## Data for review
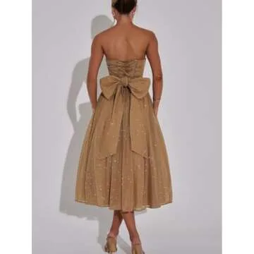 Thinyfull Women’s Glitter Tulle Prom Dresses Midi Strapless Sleeveless Aqua Formal Evening Party Dress Ruched Bow Tie Cocktail Gown US0
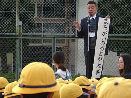 毎週月曜日にある児童朝会では、校長先生から子どもたちに向けた話があります。
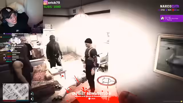 03:12:10Die Spannung erreicht einen gewalttätigen Höhepunkt. Es kommt zu Schüssen, Auseinandersetzungen und dem Ruf 'ich hab ihn gefickt'. Nachdem die Gegner geflohen sind, werden Personen gefesselt und als Geiseln gehalten. Der Streamer redet von 'verpiss dich' und 'ich fick dich gleich', was eine brutale und feindselige Stimmung vermittelt.
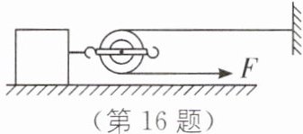 16.C [解析]物体在水平地面上匀速运动,重力的方向竖直向下,物体没有在重力的方向上通过一定的距离,重力做功为零,故A错误;图中滑轮是动滑轮,拉力移动的距离s'=2s,拉力做功W=Fs'=F×2s=2Fs,故B错误;摩擦力做功W_{摩}=fs,故C正确;使用动滑轮可以省力,由功的原理可知,使用任何机械都不省功,则使用此滑轮不能省功,故D错误.故选C.
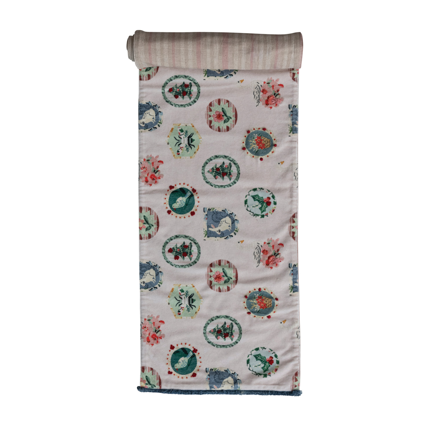 Catalog Name: 72"L x 14"W Cotton Velvet Printed Two-Sided Table Runner w/ Pattern, Tufted Fringe & Striped Cotton & Linen Back, Multi Color ©
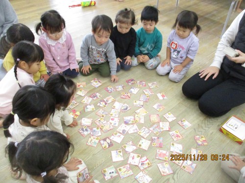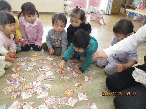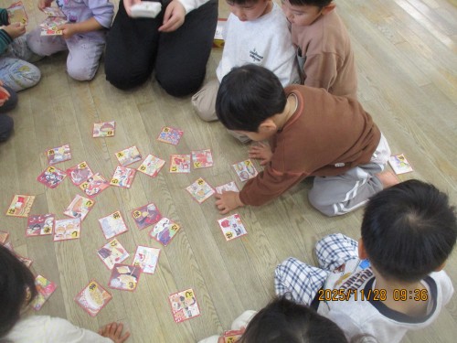 食べ物がイラストされたかるたで、ひばり組の
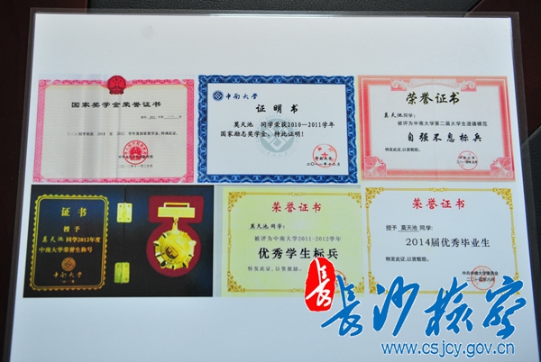 自强不息的莫天池创造了医学上的奇迹,2010年以604分的高分考入中南大学软件工程专业,大学四年同样表现优异,大二就在国家级核心期刊上发表过论文,一共完成3个科研项目,拿过“2013年度中国计算机学会优秀大学生”,每年获一等奖学金,被评为湖南省优秀毕业生,今年又以全校专业第一名的成绩保送本校研究生。谈到成绩,谦虚的莫天池只是腼腆地笑笑,而谈到帮助他的scout69官哥哥姐姐们时,天池努力挺直身体,僵硬的手指配合不那么清楚的口齿吃力地表达着对公诉二处党支部的感谢,诚挚地脸上写满了坚强和感恩。
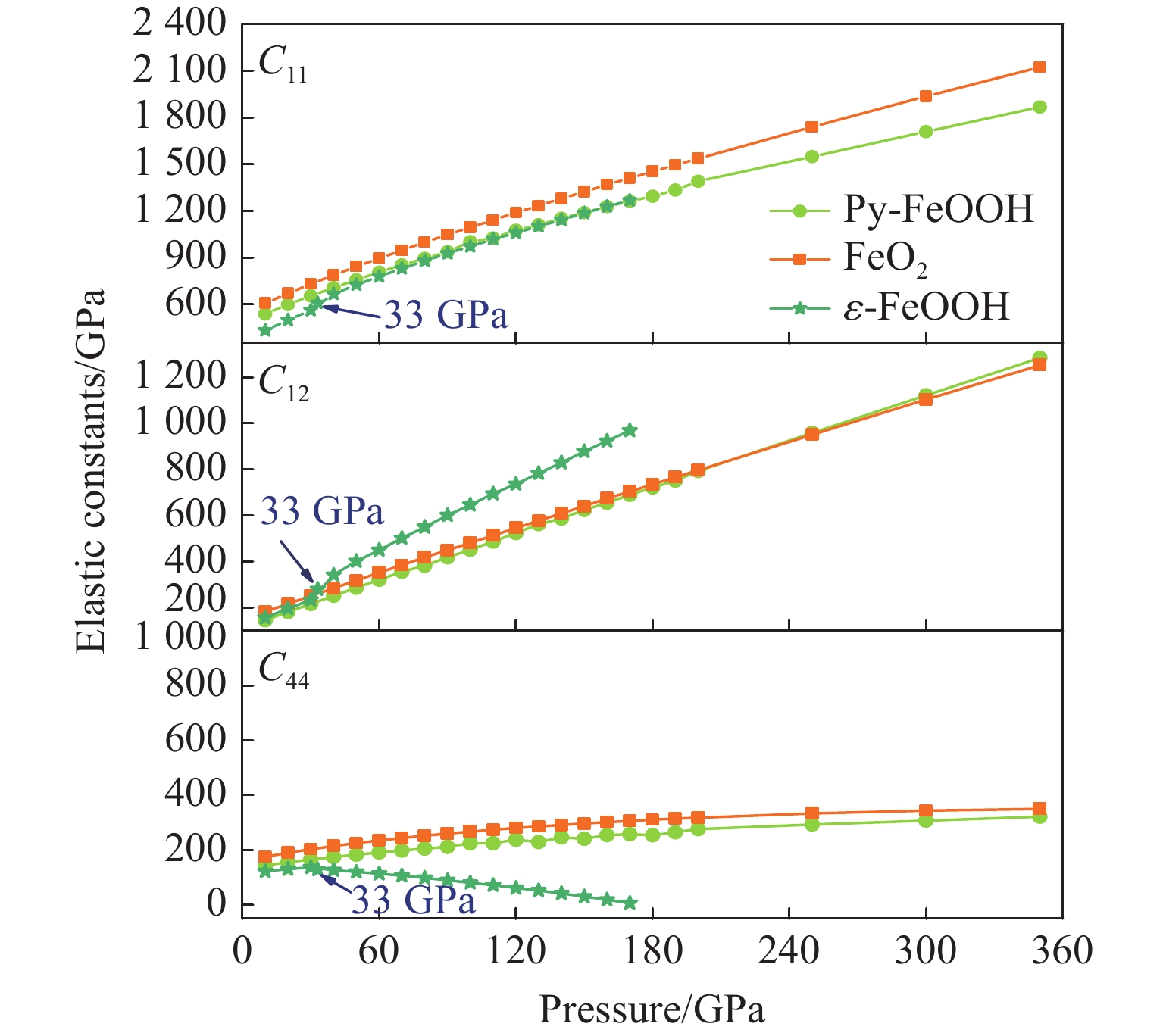 高压下Py-FeO2、Py-FeOOH和ε-FeOOH晶体结构与弹性特征的第一性原理研究
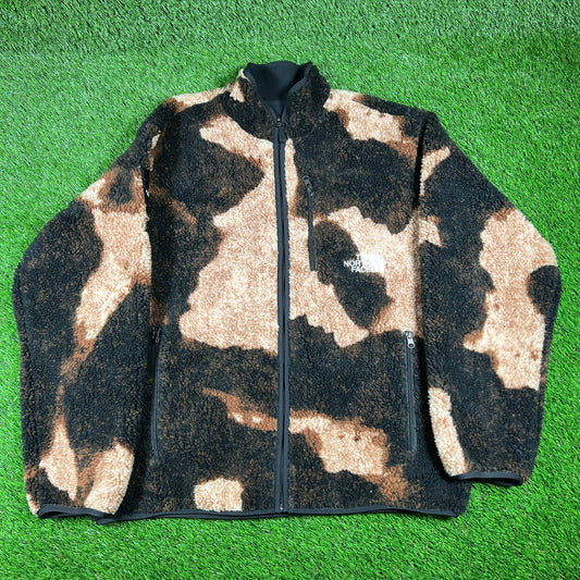 Supreme North Face Bleached Denim Print Fleece Size XL USED x14684
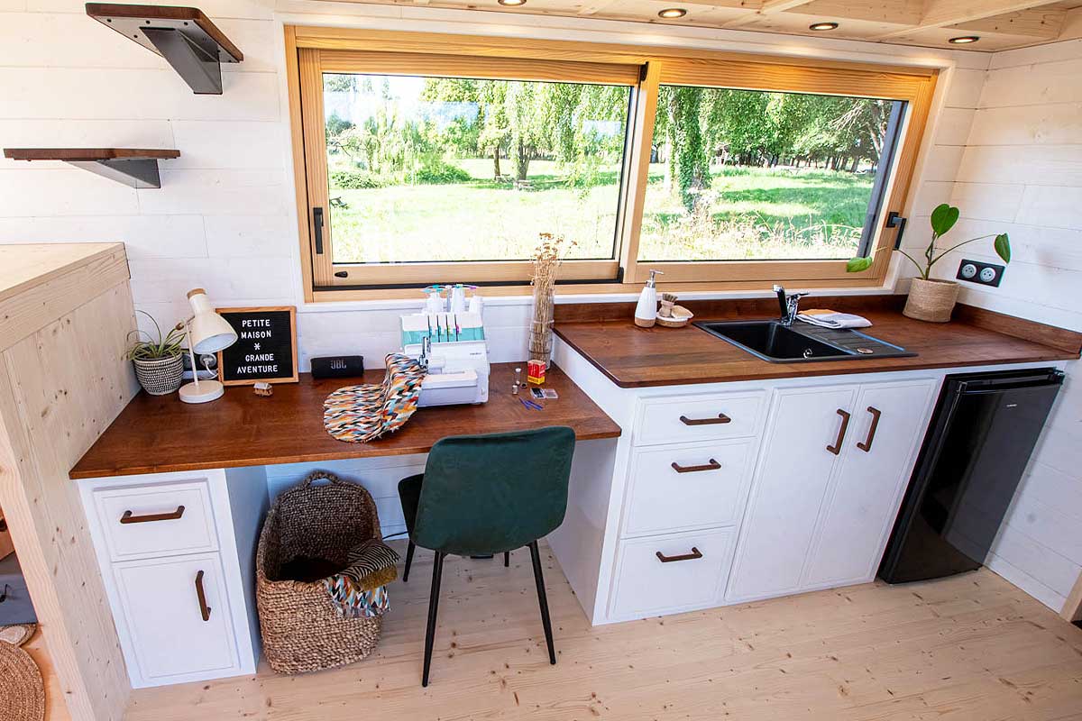 Dès l’entrée, l’atmosphère respire la clarté et la chaleur grâce au bois clair qui habille murs et plafonds. La cuisine occupe une partie de la longueur, avec son évier, ses rangements, son four et sa plaque de cuisson encastrés, le tout sublimé par un plan de travail en noyer massif. On y retrouve aussi un petit bureau intégré, indispensable pour Nadège et ses travaux de couture. L’ensemble dégage une impression de fluidité et d’efficacité : chaque mètre carré est optimisé sans sacrifier le confort.
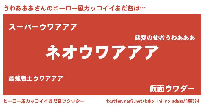 | 意味不明あだ名 | 『永久保存うわあああ』『自称うわあああ』 |
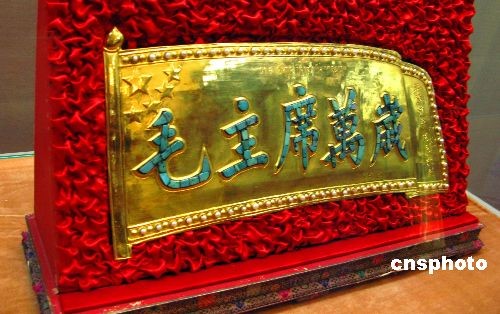 2月25日,在北京民族文化宮舉辦的《西藏民主改革50年大型展覽》免費向民眾開放。圖為展會展出十世班禪額爾德尼獻給毛澤東主席的“毛主席萬歲”金盾。中新社發(fā) 鄒憲 攝
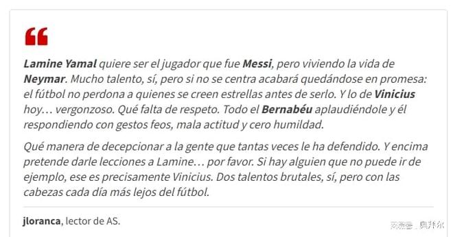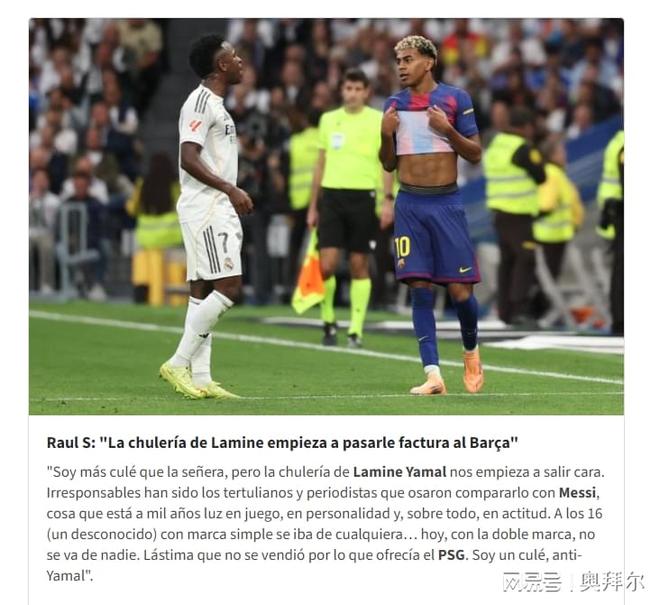 在国家德比之前,亚马尔谈到皇马抱怨裁判判罚时表示,“他们偷窃、抱怨,还搞小动作”。亚马尔的这一言论引发了巨大争议,《阿斯报》皇马版块主编龙赛罗表示,“首先,皇马从不偷窃,也从不支付黑钱。其次,巴萨17年向裁委会副主席支付了840万欧元。”

## Try it
Please transcribe, with no additions, the lines starting at the one that contains "自强不息的莫天池创造了医学上" and running through the last line of the entries, inclusive. Leave the pictures out.

## Answer section
 自强不息的莫天池创造了医学上的奇迹,2010年以604分的高分考入中南大学软件工程专业,大学四年同样表现优异,大二就在国家级核心期刊上发表过论文,一共完成3个科研项目,拿过“2013年度中国计算机学会优秀大学生”,每年获一等奖学金,被评为湖南省优秀毕业生,今年又以全校专业第一名的成绩保送本校研究生。谈到成绩,谦虚的莫天池只是腼腆地笑笑,而谈到帮助他的scout69官哥哥姐姐们时,天池努力挺直身体,僵硬的手指配合不那么清楚的口齿吃力地表达着对公诉二处党支部的感谢,诚挚地脸上写满了坚强和感恩。
 高压下Py-FeO2、Py-FeOOH和ε-FeOOH晶体结构与弹性特征的第一性原理研究
 Supreme North Face Bleached Denim Print Fleece Size XL USED x14684
 Dès l’entrée, l’atmosphère respire la clarté et la chaleur grâce au bois clair qui habille murs et plafonds. La cuisine occupe une partie de la longueur, avec son évier, ses rangements, son four et sa plaque de cuisson encastrés, le tout sublimé par un plan de travail en noyer massif. On y retrouve aussi un petit bureau intégré, indispensable pour Nadège et ses travaux de couture. L’ensemble dégage une impression de fluidité et d’efficacité : chaque mètre carré est optimisé sans sacrifier le confort.
 | 意味不明あだ名 | 『永久保存うわあああ』『自称うわあああ』 |
 2月25日,在北京民族文化宮舉辦的《西藏民主改革50年大型展覽》免費向民眾開放。圖為展會展出十世班禪額爾德尼獻給毛澤東主席的“毛主席萬歲”金盾。中新社發(fā) 鄒憲 攝
 在国家德比之前,亚马尔谈到皇马抱怨裁判判罚时表示,“他们偷窃、抱怨,还搞小动作”。亚马尔的这一言论引发了巨大争议,《阿斯报》皇马版块主编龙赛罗表示,“首先,皇马从不偷窃,也从不支付黑钱。其次,巴萨17年向裁委会副主席支付了840万欧元。”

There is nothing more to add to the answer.